MPR reporter Tim Post has a very compelling story today about the burnout experienced by teachers at the end of the school year. It was, by all accounts, a difficult year for teachers, what with their holding a job that requires them to spend a day with dozens of kids — could you? — and having a job that puts them in the public eye and makes them easy targets for criticism. Just one thing is missing from the complaint: A solution. Teacher morale is eroding; that’s not new. MPR’s Daily Circuit did a show on it a few months ago, following a survey from Metropolitan Life that showed almost 1 of every 3 teachers is contemplating doing something else. “No one wants to think that their work is undervalued or being blamed,” Sandi Jacobs, vice president of the National Council on Teacher Quality, said. “The rhetoric has been so heated that it makes it hard for teachers to feel good day in and day out. ” Wait! There are people who feel good about work day in and day out? The Met Life survey found that fewer than half of those teachers surveyed said they were very satisfied with their jobs. That was described as the worst morale in 20 years. But the report also said that 81 percent are somewhat or very satisfied. And only 30-some percent said they were somewhat or very unsatisfied. Curiously, while 81 percent said they were satisfied with their work, only 54% said they were optimistic that student achievement will get any better. What do we make of 27% of teachers being satisfied while being pessimistic about the improved student achievement? These numbers, if they can be believed, tell another story when compared to the rest of the working world: teachers have it better. (Minnesota Public Radio)
New Jersey:
Seniority not challenged in latest version of teacher tenure reform bill
A tenure reform bill set to be considered by legislators next week will no longer strip teachers of their seniority rights, a provision Gov. Chris Christie has said he considers a top education reform priority. Under current law, teachers with the most years of experience are protected when budget cuts or declining enrollment force school districts to lay off staff. State Sen. Teresa Ruiz’s original bill (S1455), introduced earlier this year, set out to change this practice, which can force districts to fire some of their most promising young educators, but could not muster enough support from lawmakers to do so. On Monday, Ruiz will introduce amendments to her tenure reform bill that will eliminate sections of the legislation dealing with seniority rights. Though the legislation will link teacher tenure to regular evaluations for the first time, the fact that the bill with not deal with the seniority issue has some education advocates calling the amended bill “a disappointment.” (NJ Star Ledger)
Pennsylvania:
Reading, Pennsylvania: Poorest U.S. City Loses Pre-Kindergarten, 170 Teachers
Eighth-grader Selena Karner lined up in her Reading, Pa., middle school auditorium last week to receive an award for language arts. But during what would normally be a joyous moment for her teachers, educators were crying in the audience. Many were absent. Teachers were less than joyous for the awards ceremony because 110 of them received pink slips earlier that day, placing them on unpaid leave until further notice.

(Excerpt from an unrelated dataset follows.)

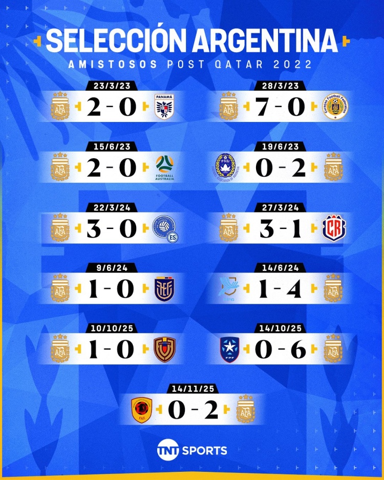 据TNT统计,2022年卡塔尔寰宇杯之后,阿根廷队进入11场友谊赛,一谈取胜。

In addition, they learned 60 retiring teachers would not be replaced. The schools of America’s poorest city had run out of cash and cleaving 13 percent of the teachers from the payroll was just the beginning. Reading will lose pre-kindergarten entirely next year. Special courses in industrial arts will be curtailed. Selena’s mom, Malissa Karner, said she expects her children’s classes to grow to 40 or 50 students because of the shortage of space and personnel. Selena Karner started a Facebook group to advocate for the city’s teachers, who were furloughed based on seniority. (Huffington Post)
New York:
Reacting to Criticism, Cuomo Adds to His Education Commission
Seeking to address complaints about the makeup of his new education reform commission, Gov. Andrew M. Cuomo has added five additional members to the panel in advance of its first meeting later this month. The new appointees include a parent advocate from Rochester, a newly elected school board member from the Adirondacks and a district superintendent from Central New York — three constituencies that the governor was criticized for not including on the panel when he announced it in April. The commission, which is being led by the former Citigroup chairman Richard D. Parsons, has also gained two more well-known names from Wall Street: Sanford I. Weill, another former Citigroup chairman, and Stanley F. Druckenmiller, a billionaire hedge fund manager.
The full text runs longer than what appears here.